Antonina Pushko says specialists in Ukraine are facing unprecedented demand for services. (ABC News: Genevieve Blandin de Chalain)

Ukrainian mental health specialists have come to Armidale to learn new strategies for war trauma response and rehabilitation.

Experts say the region is uniquely placed to assist the specialists due to its refugee population and experience of natural disasters.

Upon their return to Ukraine in June, specialists hope the hands-on training will strengthen frontline capacity to support the mental health of millions affected by the full-scale war.

Four years into the full-scale war, Ukraine is grappling with a mental health crisis.

Research from the International Rescue Committee from April this year estimates 15 million people in Ukraine need psychological support.

At the coalface of the mass traumatisation is psychiatrist Antonina Pushko.

Dr Pushko, along with six other mental health specialists, made the long journey from Ivano-Frankivsk in regional Ukraine to Australia as part of a government-funded program in pursuit of new strategies to help the collective mental health of her nation.

Ukrainian residents evacuated from a house heavily damaged after a Russian strike on a neighbourhood in Kyiv in May. (AP: Evgeniy Maloletka)

"[The] number of the moral injuries among the civilians is very high because mostly everyone from the civilians has a family member who is serving in the army."

More than 15,000 kilometres away from Ukraine's front line, in Armidale in New South Wales's New England region, local clinicians are well-poised to assist their Ukrainian counterparts.

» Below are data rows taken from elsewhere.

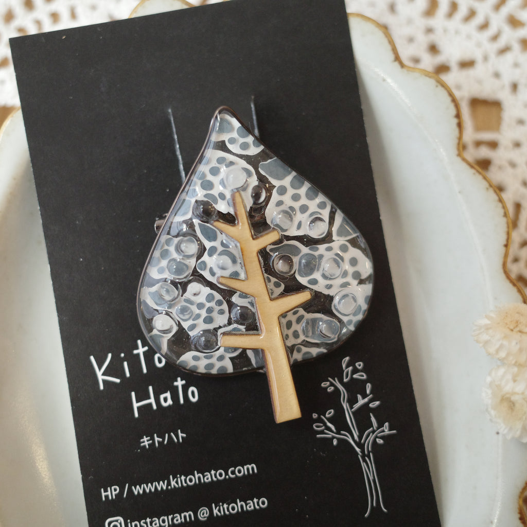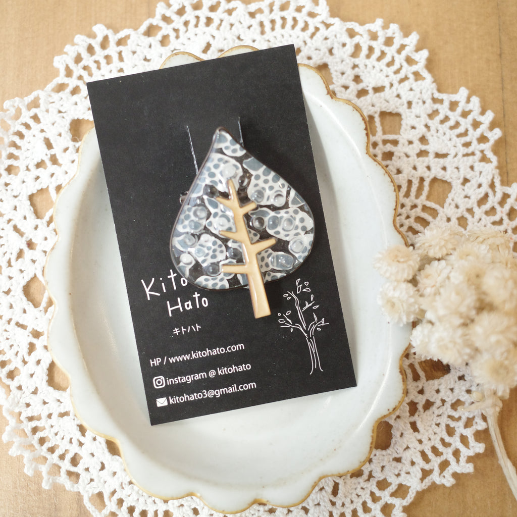 Kito Hato Handmade Brooch - Tree (Little Flower Blue Grey)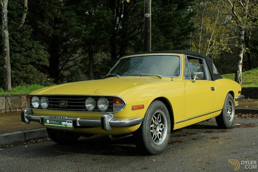 Fahrzeug in Inca Yellow Farbe, die kurz nach dem Erwerb neu lackiert wurde, bleibt bis heute mit einem immer noch intensiven Glanz, obwohl einige Korrekturen vorgenommen werden müssen. Das schwarze Mohair-Verdeck wurde gleichzeitig mit der Lackierung angebracht, es wurde neu und original von einer renommierten englischen Firma erworben, die sich auf Teile der Marke Triumph spezialisiert hat. Es zeigt derzeit keine Anzeichen von größeren Abnutzungserscheinungen und ist vollkommen wasserdicht, es hat nur einen sehr kleinen Schnitt im Kunststoffglas, am linken Verdeckfenster.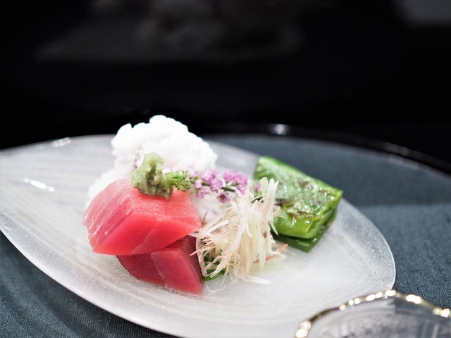 *鱧の落とし 鮪の刺身 梅肉 醤油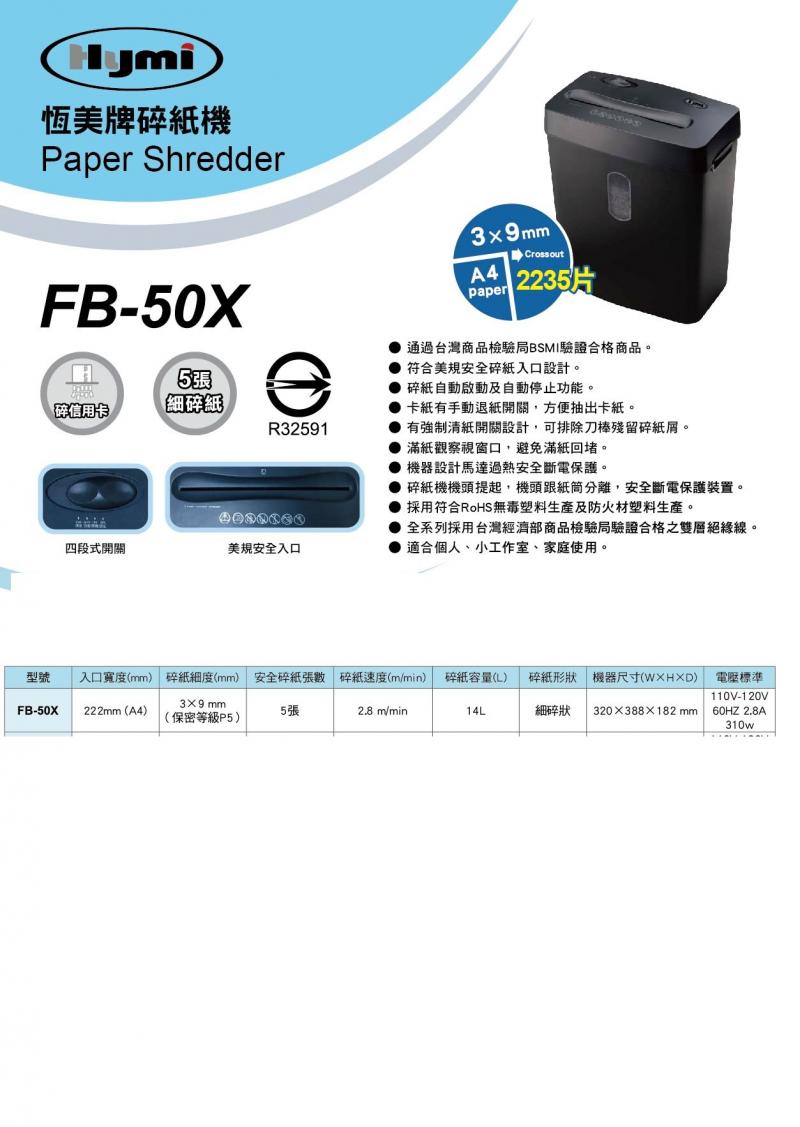 【Hymi】恆美牌 FB-50X 細碎型碎紙機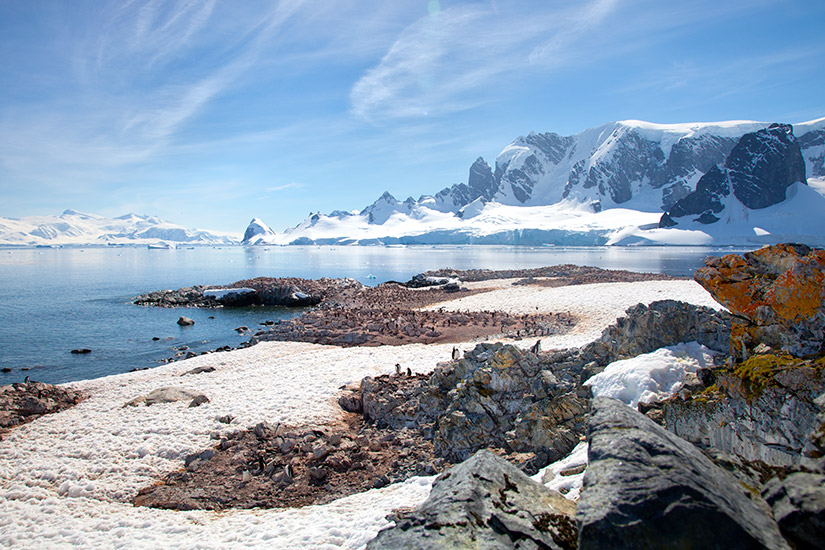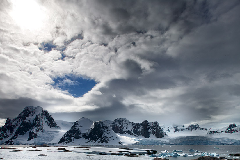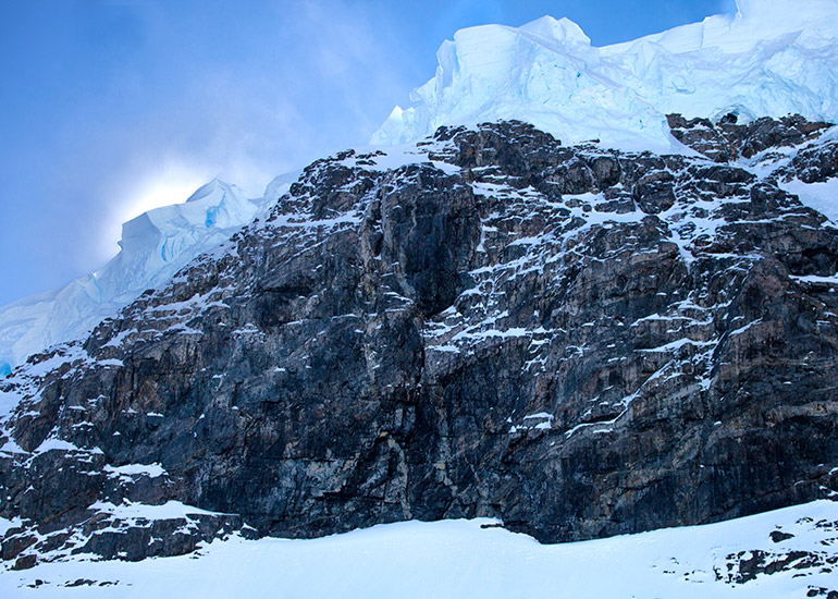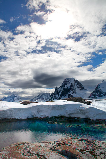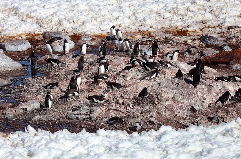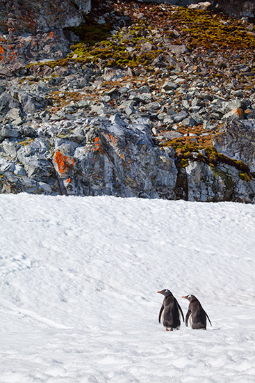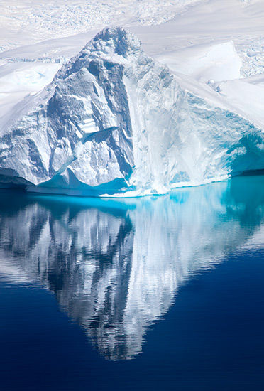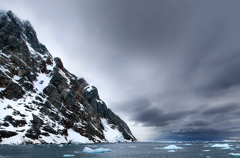 The Antarctic hosts the world’s largest protected environment, comprising 1.07 million km2. Most of the continent is permanently covered by ice and snow, with less than 1% of the land exposed. Human visitors have frequented the South Pole region – explorers, whalers, scientists and military at research centres – and recently it has been opened to tourists. The huge penguin colonies here were used by early whalers to locate their camps as their presence suggested both a warmer microclimate and locations where the snow and ice were likely to be thinnest. Experiencing the midnight light is surreal: monochromatic but with a full dynamic range, it is like being inside the perfect black and white negative.

Clinicians in New England towns hit by fire, flood and drought often treat patients for trauma they too have experienced. (ABC News: Paige Cockburn)

Armidale is one of Australia's 24 designated refugee settlement area.

Since 2018, hundreds of refugees from Iraq, Syria and the Democratic Republic of the Congo have made Armidale home.

Many have escaped harrowing war crimes and traumatic living conditions.

Armidale is home to almost 20 per cent of Australia's Ezidi community, also referred to as Yazidi.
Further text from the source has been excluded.